Investigate voter-fraud claims — but …

Is William Barr attempting to change the results of the election? Or is the Attorney General putting limits on the Department of Justice in an attempt to walk a tightwire for the next few weeks? Under tons of public pressure from Donald Trump, Barr finally ordered the DoJ to start investigating reports of election fraud even before states have certified their results.

But only some reports, and only under specific conditions, as the Associated Press reported last night:

In a memo to U.S. attorneys, obtained by The Associated Press, Barr wrote that investigations “may be conducted if there are clear and apparently-credible allegations of irregularities that, if true, could potentially impact the outcome of a federal election in an individual State.”

He said any allegations that would “clearly not impact the outcome of a federal election” should be delayed until after those elections are certified and prosecutors should likely open so-called preliminary inquiries, which would allow investigators and prosecutors to see if there is evidence that would allow them to take further investigative measures.

Barr does not identify any specific instances of purported fraud in the memo.

“While it is imperative that credible allegations be addressed in a timely and effective manner, it is equally imperative that Department personnel exercise appropriate caution and maintain the Department’s absolute commitment to fairness, neutrality and non-partisanship,” Barr wrote.

This does deviate from DoJ policy in a couple of ways that might end up benefiting Trump, or at least his PR campaign. In general, the DoJ does not announce its investigations, although in this case they aren’t announcing a specific investigation. Also, they usually refrain from conducting any voter-fraud probes until after states certify their results so as not to interfere with that process. Both of those deviations are enough to raise some eyebrows; the DoJ’s top prosecutor for election fraud resigned that post in protest, although Richard Pilger is staying within the DoJ in a more general capacity.

The normal policies reflect the usual scope of voter fraud, which usually doesn’t rise to a level where it impacts the overall result of an election. On rare occasions, though, it does. The ballot-harvesting fraud in a North Carolina congressional race two years ago forced a do-over and resulted in prosecution. However, the state and Congress dealt with that issue themselves, with investigations into the fraud and refusing to seat the apparent Republican winner. Both parties agreed to the do-over (eventually), which Republicans won anyway. The DoJ didn’t need to get involved in the Leslie McCrae Dowless case, as North Carolina prosecuted Dowless instead.

Presidential elections may seem like another matter, but they’re not — at least legally. As Republicans are fond of pointing out, presidential elections take place in separate state elections. There are federal laws governing some of that process, but the mechanics of voting are almost entirely handled by state law. That’s why we saw such disparate handling of mail-in ballots by different states, and wide variance in their adoption. To have true jurisdiction in voter-fraud cases, the DoJ will likely have to establish some kind of interstate action in support of the fraud.
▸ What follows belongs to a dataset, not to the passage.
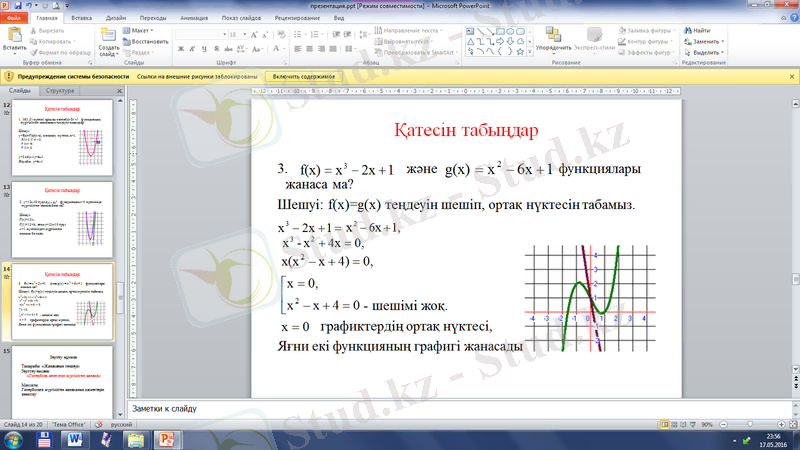 Жауабы: графиктердің ортақ нүктесі - қиылысу нүктесі де болуы мүмкін. Екі функция қиылысады

So this seems like a reach anyway, but this move appears more to be a box-checking exercise anyway. In this case, Barr may have concerns that larger-scale fraud occurred, but he’s pointedly limiting early DoJ action to only those allegations, and only those which are “credible”. Anything less than the kind of scale that could have swung tens of thousands of votes in states like Pennsylvania, Arizona, and Georgia won’t get addressed until after states certify their results.
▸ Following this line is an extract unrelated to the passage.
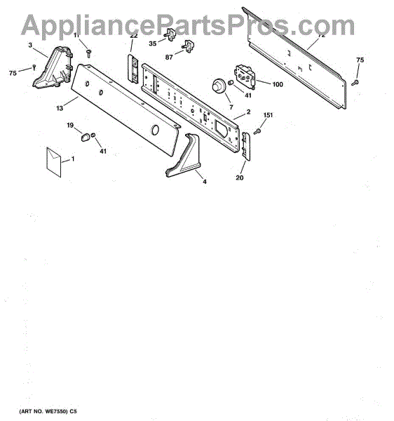 Parts for Ge DBXR453GT5WB: 01 - Backsplash Assembly Parts

That seems like a good distinction to make; if voter fraud on that scale did occur, states should know about it before they certify their results. And if it didn’t, the DoJ shouldn’t be an obstacle to that process based on the usual type of small-scale allegations that won’t change the results. And it would be so singular that one could conclude that Barr’s basically betting that no such credible allegation will emerge at all, making this more of a PR move to placate Trump and his supporters.